**EXERCISE DESCRIPTION:** Please set down the data again exactly, minus the pictures.

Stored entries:
-=-=-
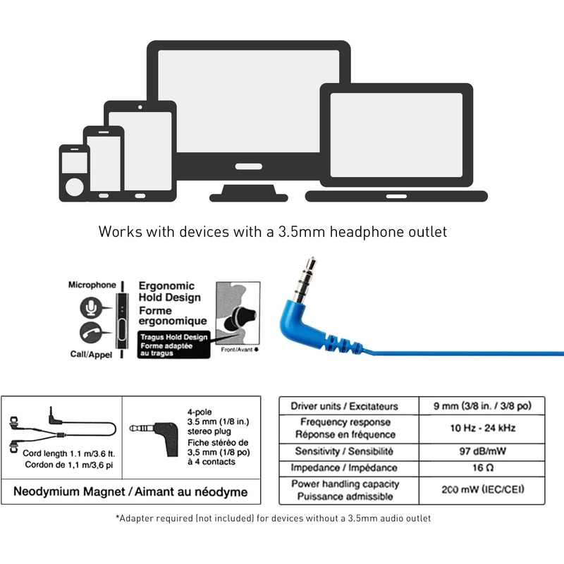 - Microphone & Call controller: with an integrated microphone and call remote, these headphones are compatible with 3.5mm Jack Apple (iPhone/ iPod/ iPad), Android and Blackberry Audio and smartphone devices *requires lightning plug adaptor for iPhone 7 and later models (not included)
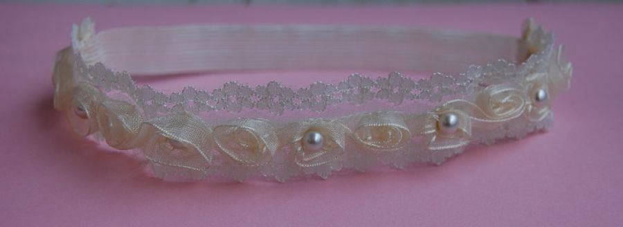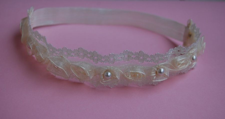 Opaska niemowlęca "Diadem w złamanej bieli" - opaska do włosów ozdobiona koronką, wstążeczkami z organzy, perełkami. Opaska wykonana w połączeniu z gumką w kolorze złamanej bieli.
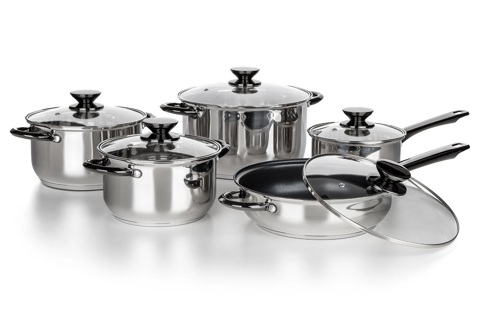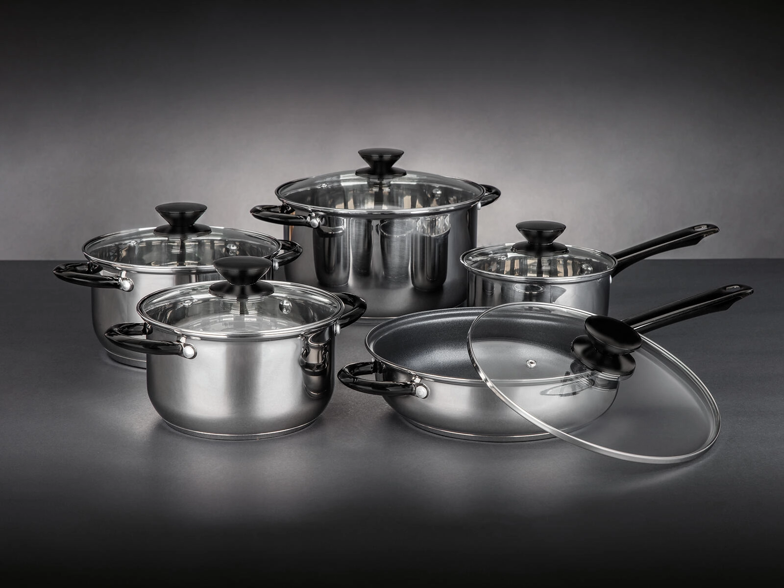 - Kozica 16 × 9 cm s pokrovom; lonec 18 × 10,5 cm s pokrovom; lonec 20 × 11,5 cm s pokrovom; lonec 24 × 13,5 cm s pokrovom; ponev 24 × 6,5 cm z neprijemljivo površino in pokrovom
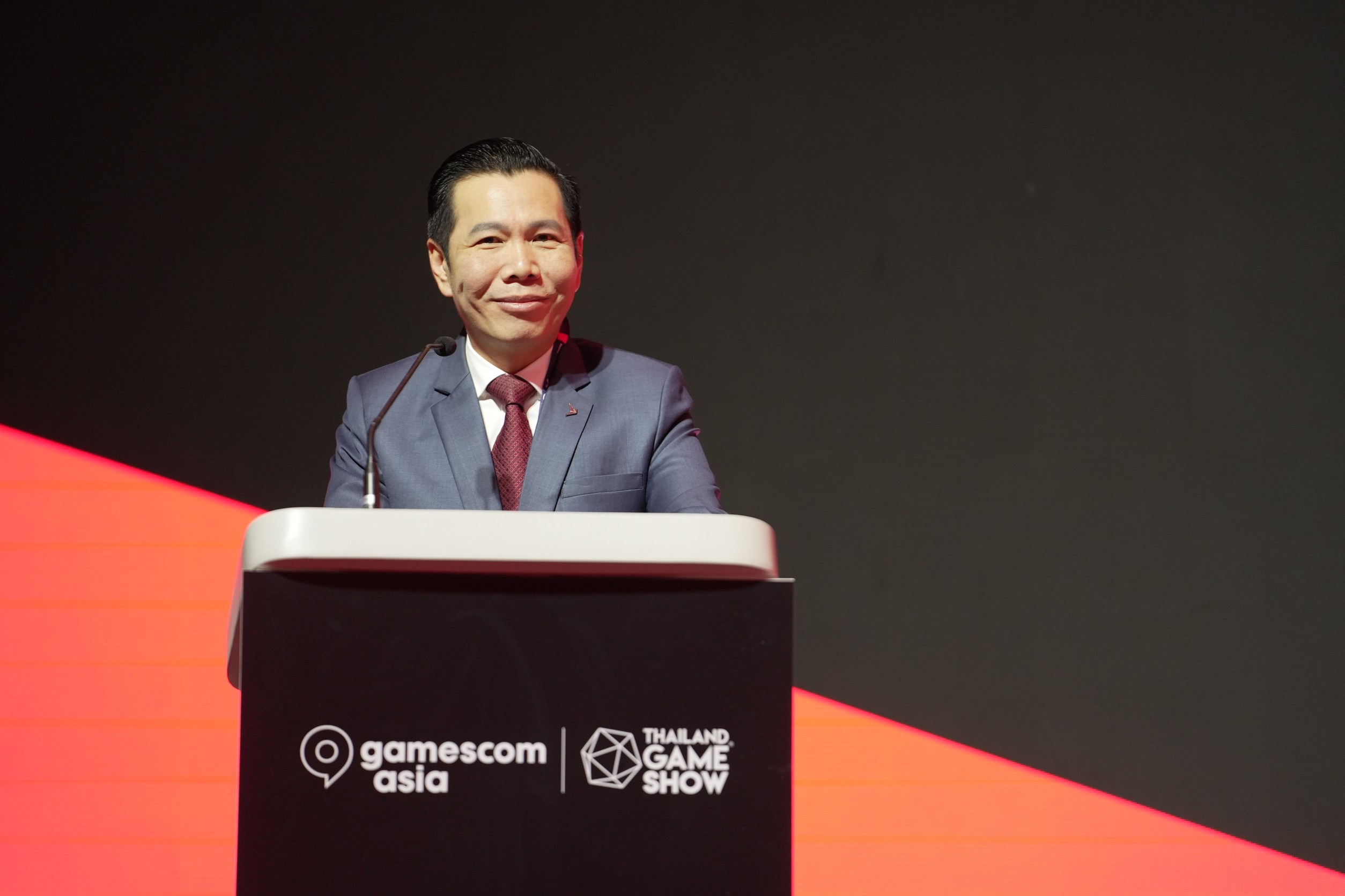 “ตลอดระยะเวลาที่ผ่านมา การบูรณาการการทำงานระหว่าง ดีป้า กรมส่งเสริมการค้าระหว่างประเทศ ตลอดจนเครือข่ายพันธมิตรมุ่งสร้างโอกาสแก่ผู้ประกอบการและบุคลากรในอุตสาหกรรมเกมไทยมาอย่างต่อเนื่อง ทั้งการส่งเสริมให้ผู้ประกอบการสามารถเข้าถึงแหล่งทุนเพื่อต่อยอดธุรกิจ การยกระดับความรู้และทักษะให้กับบุคลากร ซึ่งถือเป็นหัวใจสำคัญของภาคอุตสาหกรรม การเปิดโอกาสทางการตลาด และการก้าวไปสัมผัสประสบการณ์ในระดับสากลผ่านการร่วมงานระดับนานาชาติ เช่น Tokyo Game Show, G-Star และ gamescom เพื่อเปิดโลกทัศน์ เรียนรู้ทิศทางของตลาดโลก และนำประสบการณ์ที่ได้มาปรับใช้ นอกจากนี้ ประเทศไทยอยู่ระหว่างการผลักดันให้เกิดพระราชบัญญัติ (พ.ร.บ.) ส่งเสริมอุตสาหกรรมเกมที่ไม่ได้เป็นเพียงการสร้างความเข้มแข็งให้กับภาคอุตสาหกรรม แต่จะเป็นการกำหนดทิศทางการทำงานที่จะนำไปสู่การเติบโตอย่างยั่งยืน อย่างไรก็ตารม ดีป้า เชื่อว่า งาน gamescom asia x Thailand Game Show 2025 เป็นมากกว่างานเกม โดยเป็นพื้นที่ของความร่วมมือที่ทุกภาคส่วนได้มาร่วมเติมเต็มระบบนิเวศของอุตสาหกรรมเกมไทยให้เข้มแข็ง และหวังว่า งาน gamescom asia x Thailand Game Show 2025 จะเป็นจุดเริ่มต้นให้เกม ซึ่งรวมถึงอุตสาหกรรมดิจิทัลคอนเทนต์ไทยได้แสดงศักยภาพต่อสายตาชาวโลก และสามารถแข่งขันได้ในระดับสากล” ผู้อำนวยการใหญ่ ดีป้า กล่าว
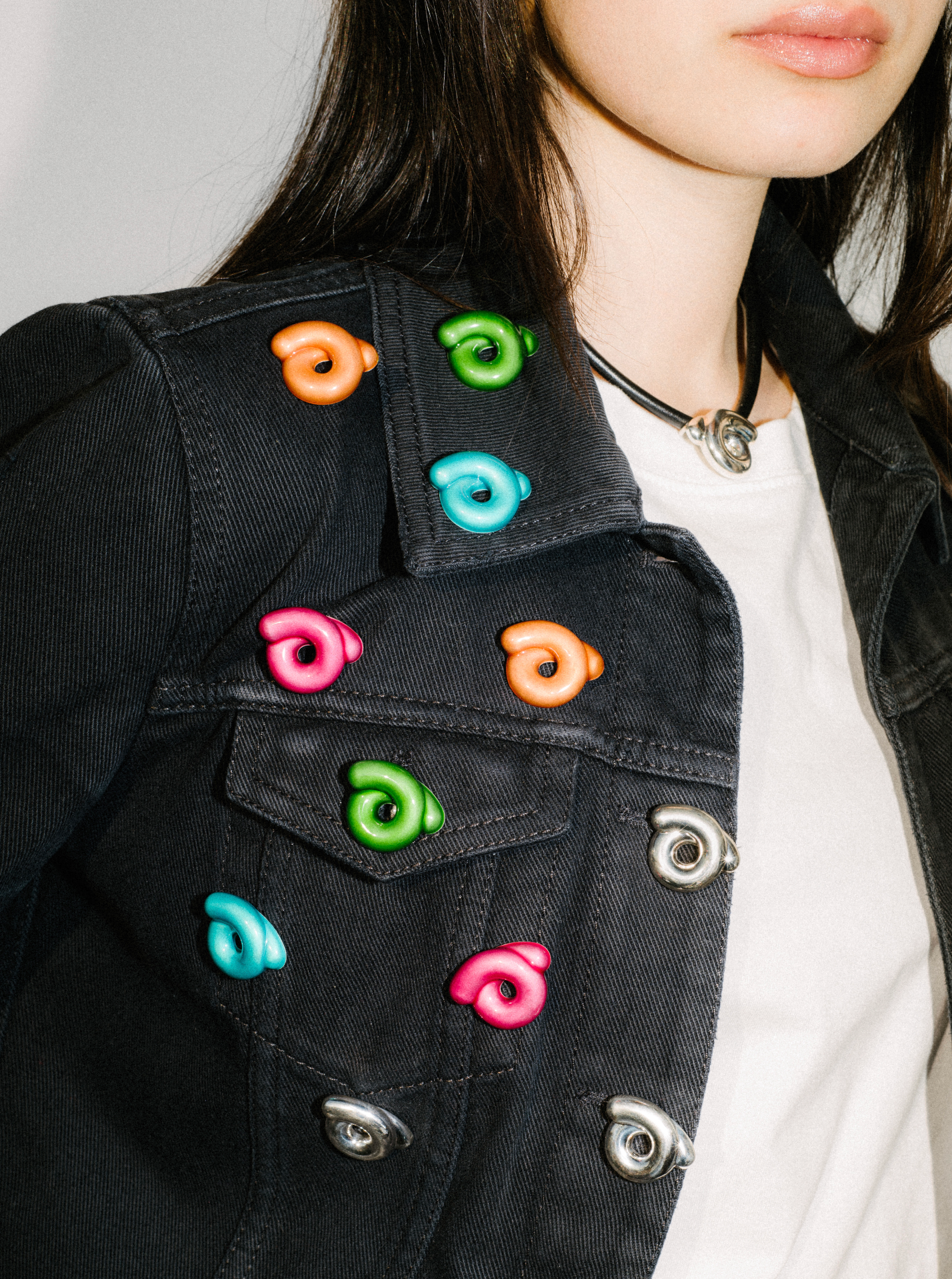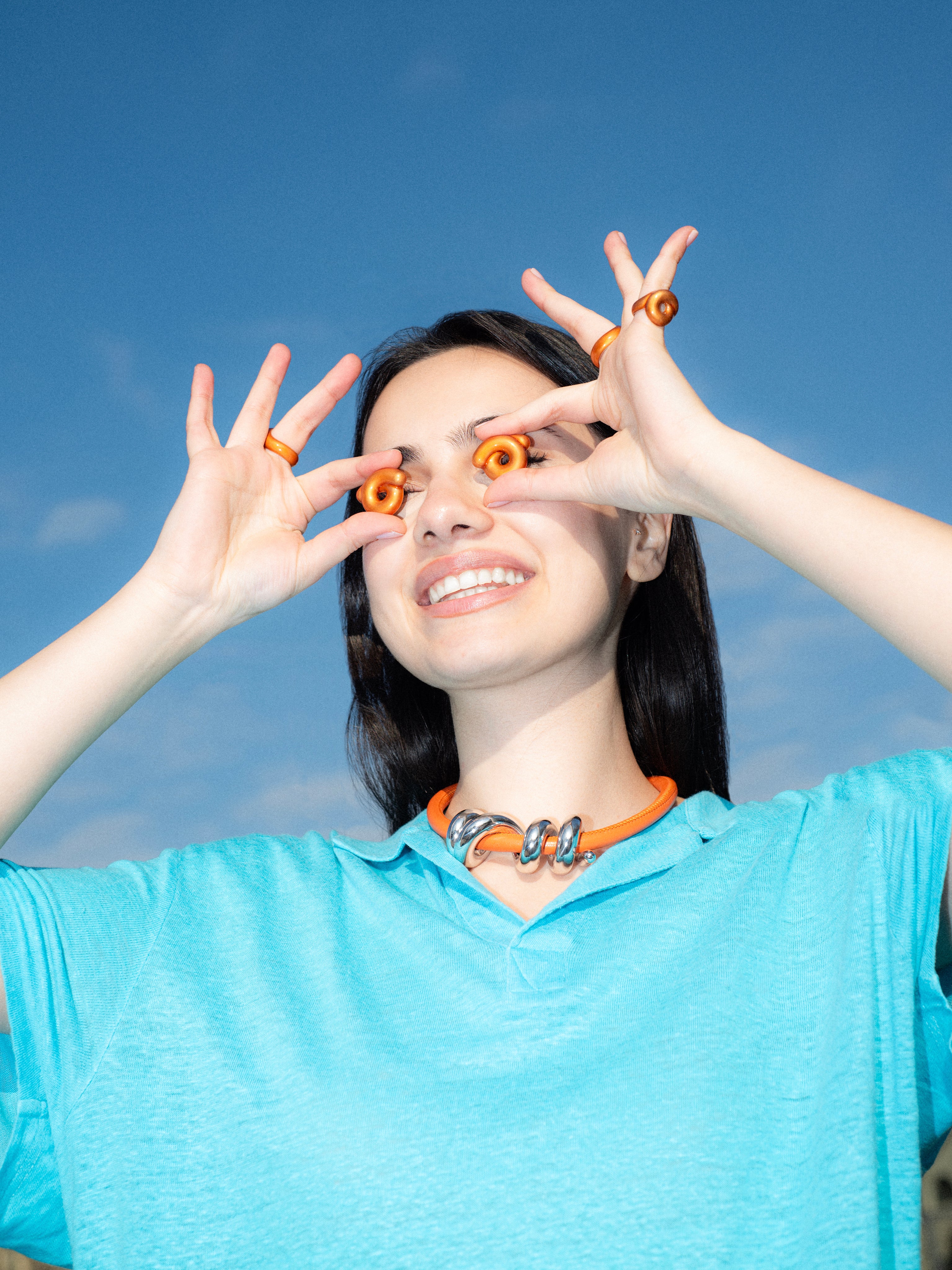 The Tarallo collection reinterprets Bea’s childhood nostalgia with larger-than-life, organic shapes that hug the body as gently and gracefully as her grandmother’s love embraced her and her family. Each piece features glossy, hand-painted enamel on a sterling silver base, creating sculptural jewelry that feels both modern and sentimental. This collection exemplifies Bea’s passion for soft, flowing forms and her commitment to vibrant, joyful color palettes.
-=-=-
**WORKED SOLUTION:**
 - Microphone & Call controller: with an integrated microphone and call remote, these headphones are compatible with 3.5mm Jack Apple (iPhone/ iPod/ iPad), Android and Blackberry Audio and smartphone devices *requires lightning plug adaptor for iPhone 7 and later models (not included)
 Opaska niemowlęca "Diadem w złamanej bieli" - opaska do włosów ozdobiona koronką, wstążeczkami z organzy, perełkami. Opaska wykonana w połączeniu z gumką w kolorze złamanej bieli.
 - Kozica 16 × 9 cm s pokrovom; lonec 18 × 10,5 cm s pokrovom; lonec 20 × 11,5 cm s pokrovom; lonec 24 × 13,5 cm s pokrovom; ponev 24 × 6,5 cm z neprijemljivo površino in pokrovom
 “ตลอดระยะเวลาที่ผ่านมา การบูรณาการการทำงานระหว่าง ดีป้า กรมส่งเสริมการค้าระหว่างประเทศ ตลอดจนเครือข่ายพันธมิตรมุ่งสร้างโอกาสแก่ผู้ประกอบการและบุคลากรในอุตสาหกรรมเกมไทยมาอย่างต่อเนื่อง ทั้งการส่งเสริมให้ผู้ประกอบการสามารถเข้าถึงแหล่งทุนเพื่อต่อยอดธุรกิจ การยกระดับความรู้และทักษะให้กับบุคลากร ซึ่งถือเป็นหัวใจสำคัญของภาคอุตสาหกรรม การเปิดโอกาสทางการตลาด และการก้าวไปสัมผัสประสบการณ์ในระดับสากลผ่านการร่วมงานระดับนานาชาติ เช่น Tokyo Game Show, G-Star และ gamescom เพื่อเปิดโลกทัศน์ เรียนรู้ทิศทางของตลาดโลก และนำประสบการณ์ที่ได้มาปรับใช้ นอกจากนี้ ประเทศไทยอยู่ระหว่างการผลักดันให้เกิดพระราชบัญญัติ (พ.ร.บ.) ส่งเสริมอุตสาหกรรมเกมที่ไม่ได้เป็นเพียงการสร้างความเข้มแข็งให้กับภาคอุตสาหกรรม แต่จะเป็นการกำหนดทิศทางการทำงานที่จะนำไปสู่การเติบโตอย่างยั่งยืน อย่างไรก็ตารม ดีป้า เชื่อว่า งาน gamescom asia x Thailand Game Show 2025 เป็นมากกว่างานเกม โดยเป็นพื้นที่ของความร่วมมือที่ทุกภาคส่วนได้มาร่วมเติมเต็มระบบนิเวศของอุตสาหกรรมเกมไทยให้เข้มแข็ง และหวังว่า งาน gamescom asia x Thailand Game Show 2025 จะเป็นจุดเริ่มต้นให้เกม ซึ่งรวมถึงอุตสาหกรรมดิจิทัลคอนเทนต์ไทยได้แสดงศักยภาพต่อสายตาชาวโลก และสามารถแข่งขันได้ในระดับสากล” ผู้อำนวยการใหญ่ ดีป้า กล่าว
 The Tarallo collection reinterprets Bea’s childhood nostalgia with larger-than-life, organic shapes that hug the body as gently and gracefully as her grandmother’s love embraced her and her family. Each piece features glossy, hand-painted enamel on a sterling silver base, creating sculptural jewelry that feels both modern and sentimental. This collection exemplifies Bea’s passion for soft, flowing forms and her commitment to vibrant, joyful color palettes.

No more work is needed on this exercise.